I'm looking to purchace a new extension ladder, 20 ft. What's the best plsce to purchase one Lowes, Homer, Menards or there's a guy here named Ladder Man. Also what's the better more useful one for me to purchase alum or fiberglass. I use it for general stuff, cleaning gutters, putting up gutter guards, some interior painting and that's about it.

Thanks,


----------



## Glasshousebltr (Feb 9, 2004)

Check out this thread, http://contractortalk.com/showthread.php?t=4654

Bet ya didn't know there was a home boy shopping network.

Bob


----------



## pitterpat (Sep 25, 2005)

Talked to a guy painging in my neighborhood....he told me best place was a pawn shop. i went to 4 pawn shops today, got a good 24' fiberglass ladder 300# rated ladder for $119 + tax. 
I think I got a deal.


----------



## DecksEtc (Oct 27, 2004)

Great idea! I think I'll try that out...


----------



## Bret (Sep 19, 2005)

As far as material, I would only buy a fiberglass ladder if you are going to work near any electrical wires.

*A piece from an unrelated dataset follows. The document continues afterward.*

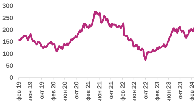
Диаграмма P/E и роста EPS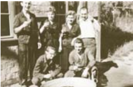
Erste Gautschfeier 1961

Spend the extra money on a heavy duty type 1A (300lb rating, orange in color). They are currently going for about $210-225 for a 24ft. extension type 1A at Home Depot and Lowes.


----------



## ProWallGuy (Oct 17, 2003)

I only use Type 1A fiberglass ladders, whether step or extension. I like to feel sturdy up there.

I always check pawn shops, and ebay has some deals too if you watch closely. I bought a brand new 10' twin-stepladder for $150 off ebay.


----------



## Glasshousebltr (Feb 9, 2004)

I picked up a Werner mini 4ft high scaffold of ebay for 40.00 bucks. It's on wheels and folds up for a suit case type carry. Like it!

Bob


----------